Splitting a Git repository

First some backstory…

I had a public and a private Subversion repository on my web server, and when I started a new project I’d import it into one of them. This is nice because I get versioning and history, plus I get implicit synchronization between my various development boxen.

It’s not unusual to have one monolithic Subversion repository for many different projects, mainly because setting up a Subversion repository can take a small bit of work, especially if you are serving it from HTTP. However, Git makes it so easy to create new repositories that there is no excuse not to create per-project repositories, not to mention that you should anyway since Git doesn’t support checking out a subdirectory of a repository. You simply can’t use a monolithic Git repository because you have to clone the whole big tree, even if you only plan on working on one subdirectory.
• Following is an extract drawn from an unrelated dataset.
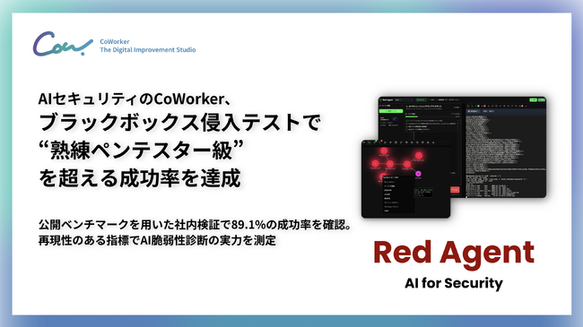 AIセキュリティソリューションを開発・提供するCoWorker株式会社(本社:東京都新宿区、代表取締役:山里一輝、以下「当社」もしくは「CoWorker」)は、自社開発の自律型AI脆弱性診断・ペネトレーションテスト「RedAgent」が、実世界に近い社内検証においてAIによる自動脆弱性診断が“熟練ペンテスター”に匹敵する段階に到達したことをお知らせいたします。今回実施した社内検証は、公開されている実世界に近いWeb脆弱性ベンチマーク(XBOW Validation Benchmarks)を参照し、ブラックボックス条件で89.1 %の成功率を確認しました。

Since Git is so much more awesome, I plan on converting my Subversion repositories over. But what do I do with the multi-project ones? There’s no built-in mechanism for pulling out just one directory, with history, into a new repository. So I wrote one.

The usage is git-pluck src-repo dest-repo path/to/directory. The script copies the repository at src-repo to a new directory, dest-repo, and then does its magic. It rewrites all of the commits so that all of the files in path/to/directory are moved into the root of the repository, and everything else is deleted. Commits that do not introduce changes to that directory are removed from the history, potentially including the first commit to the repository. Finally, the reflogs and backups are removed and the repository is compacted, leaving you with a small, single-project repository.

This script was written and tested using Git 1.5.6.5. Feedback is welcome!

3 Replies to “Splitting a Git repository”

  1. If you look at the script, you will see that it is a bash script that uses git-filter-branch, among other things. It uses index-filter and commit-filter, for the following reasons:

    1. For each commit, tree-filter causes a checkout of that commit. Then your filter is run, and finally the commit is recreated using the state of the working tree. index-filter operates directly against the commit’s index as stored by git, and does not require a checkout. This means that index-filter is substantially faster.

    2. prune-empty was added sometime on or after Git 1.6.0. I use a commit-filter that does exactly the same thing as prune-empty.

  2. You might also be interested in Avery Pennarum’s git-subtree (git://github.com/apenwarr/git-subtree.git), which designed for a similar workflow and is a potential future addition to git or git/contrib. It works pretty excellently in my experience.

Comments are closed.